You will also need an integration or method to deliver the secure links to the patient using the information provided by the EMR.
After completing the form or questionnaire, send the responses back using an HL7 ORU Inbound or FHIR Request to create a document. Use the patient ID in the original message to match the patient in the EMR system.
This is primarily an HL7 v2 workflow and can be supported by FHIR interfaces.”
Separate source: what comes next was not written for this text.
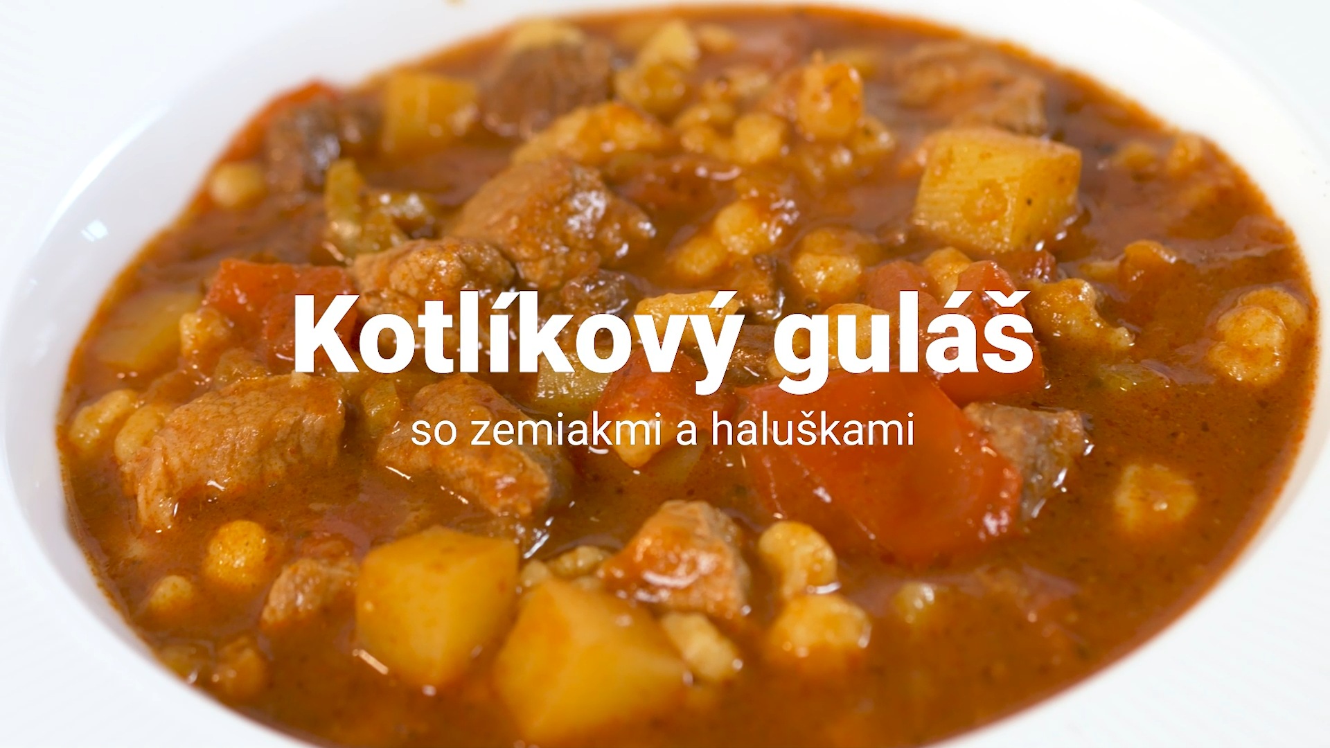 Keď je bravčové mäso z 2/3 mäkké, pridáme zvyšné na menšie kocky nakrájané zemiaky.

- Building Interfaces – training an AI/ML model to use interface standards and system specifications to make connections and an interoperability workflow.Input: Using the parameters of the customer Epic EMR system (IP Address, Ports, Device Info) build an HL7 interface and VPN connection to receive SIU messages and send ORU messages. Use the client FHIR server (URL, Authorization URL, API endpoint specification) to establish an API interface to query patient data.Output: Configured and tested Interface Channels and Instances
- Standardizing Data – standardize, convert, and map data from multiple sources using system specifications such as API specs and standard shared vocabularies.Input: “Using the responses to the patient questionnaires, format outputs that conform to the HL7 v2 standard for Observation and FHIR Resource standard for Questionnaire and QuestionnaireResponse.”Output: “Formatted HL7 ORU messages and FHIR Questionnaire and QuestionnaireResponse resources that can be accepted by client EMR system.”
The above examples and scenarios are full of nuance and the need for human intervention. However, they roughly match the work required by a human to connect and share healthcare data. It is a pie-in-the-sky vision, but the AI revolution is coming, and it’s coming to healthcare. Fast!